Припоминая потом всю эту минуту, князь долго в чрезвычайном
смущении мучился одним неразрешимым для него вопросом: как можно
было соединить такое истинное, прекрасное чувство с такою явною и
злобною насмешкой? Что была насмешка, в том он не сомневался; он ясно
это понял и имел на то причины: во время чтения Аглая позволила себе
переменить буквы
А. М. D.
в буквы
Н. Ф. Б.
Что тут была не ошибка и не
ослышка с его стороны – в том он сомневаться не мог (впоследствии это
было доказано). Во всяком случае выходка Аглаи, – конечно, шутка, хоть
слишком резкая и легкомысленная, – была преднамеренная. О «рыцаре
бедном» все говорили (и «смеялись») еще месяц назад. А между тем, как ни
припоминал потом князь, выходило, что Аглая произнесла эти буквы не
только без всякого вида шутки, или какой-нибудь усмешки, или даже
какого-нибудь напирания на эти буквы, чтобы рельефнее выдать их
затаенный смысл, но, напротив, с такою неизменною серьезностью, с
такою невинною и наивною простотой, что можно было подумать, что эти
самые буквы и были в балладе, и что так было в книге напечатано. Что-то
тяжелое и неприятное как бы уязвило князя. Лизавета Прокофьевна,
конечно, не поняла и не заметила ни подмены букв, ни намека. Генерал
Иван Федорович понял только, что декламировали стихи. Из остальных
слушателей очень многие поняли и удивились и смелости выходки, и
намерению, но смолчали и старались не показывать виду. Но Евгений
Павлович (князь даже об заклад готов был побиться) не только понял, но
даже старался и вид показать, что понял: он слишком насмешливо
улыбнулся.
– Экая прелесть какая! – воскликнула генеральша в истинном упоении,
только что кончилось чтение. – Чьи стихи?
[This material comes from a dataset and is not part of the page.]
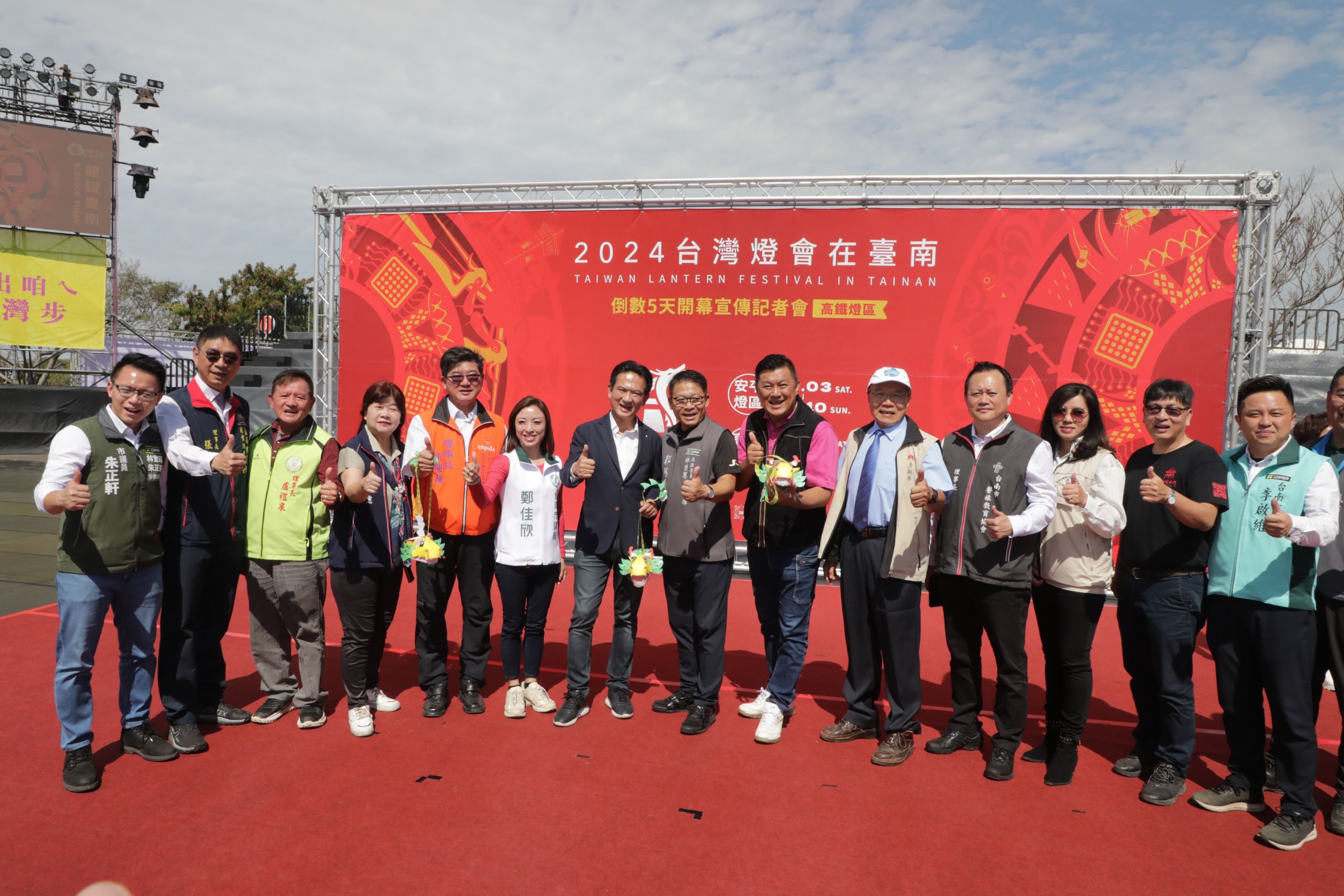 【記者黃思慈/臺南報導】眾所矚目的「2024台灣燈會在臺南」高鐵燈區將於2月24日元宵節盛大開展,臺南市政府今(19)日舉行展前宣傳記者會,臺南市長黃偉哲偕交通部觀光署副署長周廷彰,與到場共襄盛舉的立法委員林俊憲,以及市議員吳禹寰、郭鴻儀、鄭佳欣、陳皇宇、Ingay Tali穎艾達利、林冠維、朱正軒、黃肇輝、許至椿、李啟維,邀請國內外旅客在燈會期間(2/24-3/10)來臺南賞燈、旅遊、吃美食,來場豐富的視覺饗宴。

– Пушкина, maman, не стыдите нас, это совестно! – воскликнула
Аделаида.
– Да с вами и не такой еще дурой сделаешься! – горько отозвалась
Лизавета Прокофьевна. – Срам! Сейчас, как придем, подайте мне эти стихи
Пушкина!
– Да у нас, кажется, совсем нет Пушкина.
– С незапамятных времен, – прибавила Александра, – два какие-то
растрепанные тома валяются.
– Тотчас же послать купить в город, Федора иль Алексея, с первым
поездом, – лучше Алексея. Аглая, поди сюда! Поцелуй меня, ты прекрасно
прочла, но – если ты искренно прочла, – прибавила она почти шепотом, –
то я о тебе жалею; если ты в насмешку ему прочла, то я твои чувства не
одобряю, так что во всяком случае лучше бы было и совсем не читать.
Понимаешь? Ступай, сударыня, я еще с тобой поговорю, а мы тут
засиделись.
Между тем князь здоровался с генералом Иваном Федоровичем, а
генерал представлял ему Евгения Павловича Радомского.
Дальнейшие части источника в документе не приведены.